I tend to find that books with a unique narrative 'voice' lose something when they're adapted. Sure, you can take the best quotes and have characters repeat them or stick it in some voice-over, but you're still going to lose what made the book special in the first place.
With On the Road, there's a rhythm and flow to the words that's hard to replicate in film. The writing is really poetic.
I think a better example is Catch-22. I enjoyed the film. It did a good job of portraying the absurdity of war. It was funny. But it wasn't half as funny as the novel because there's so many ways that Heller plays with language so much via repetition and contradiction, like in the excerpt below.
'Major Major’s father was a sober God-fearing man whose idea of a good joke was to lie about his age.

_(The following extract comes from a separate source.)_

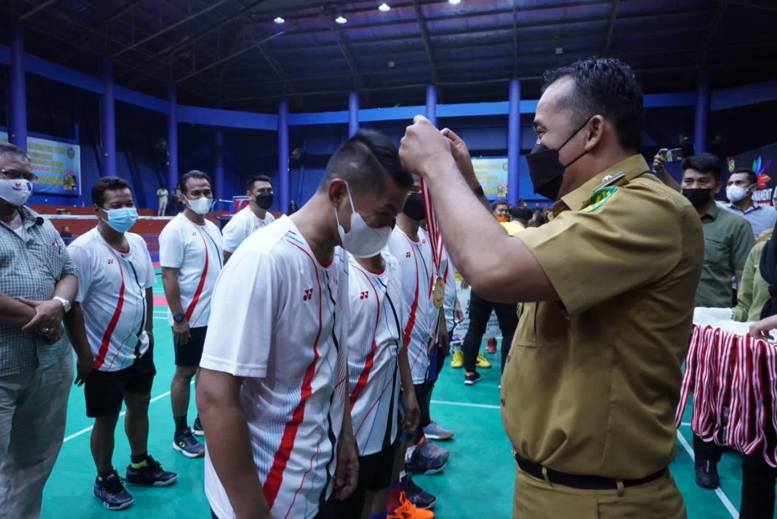 Setelah berlangsung selama enam hari, Wali Kota Medan Bobby Nasution diwakili Wakil Wali Kota Medan H Aulia Rachman menutup Turnamen Badminton Perusahaan Umum Daerah (PUD) Pasar Kota Medan Berkolaborasi di Gedung PBSI Jalan PBSI/Pancing, Deliserdang, Selasa (18/1). Tuan rumah sekaligus penyelenggara turnamen, PUD Pasar keluar sebagai juara umum kejuaraan adu smash tersebut.

He was a longlimbed farmer, a God-fearing, freedom-loving, law-abiding rugged individualist who held that federal aid to anyone but farmers was creeping socialism. He advocated thrift and hard work and disapproved of loose women who turned him down. His specialty was alfalfa, and he made a good thing out of not growing any. The government paid him well for every bushel of alfalfa he did not grow. The more alfalfa he did not grow, the more money the government gave him, and he spent every penny he didn’t earn on new land to increase the amount of alfalfa he did not produce. Major Major’s father worked without rest at not growing alfalfa. On long winter evenings he remained indoors and did not mend harness, and he sprang out of bed at the crack of noon every day just to make certain that the chores would not be done. He invested in land wisely and soon was not growing more alfalfa than any other man in the county. Neighbors sought him out for advice on all subjects, for he had made much money and was therefore wise. “As ye sow, so shall ye reap,” he counseled one and all, and everyone said, “Amen.”
Major Major’s father was an outspoken champion of economy in government, provided it did not interfere with the sacred duty of government to pay farmers as much as they could get for all the alfalfa they produced that no one else wanted or for not producing any alfalfa at all. He was a proud and independent man who was opposed to unemployment insurance and never hesitated to whine, whimper, wheedle and extort for as much as he could get from whomever he could.
Whereas something like The Godfather or A Song of Ice and Fire are easily adapted into film/TV because the focus is predominantly on story and not writing style. They aren't written in any kind of special way.
(One Flew Over the Cuckoo's Nest is a great example of an adaptation of a uniquely-written book, but it could only do it by moving a lot of the focus away from Bromden).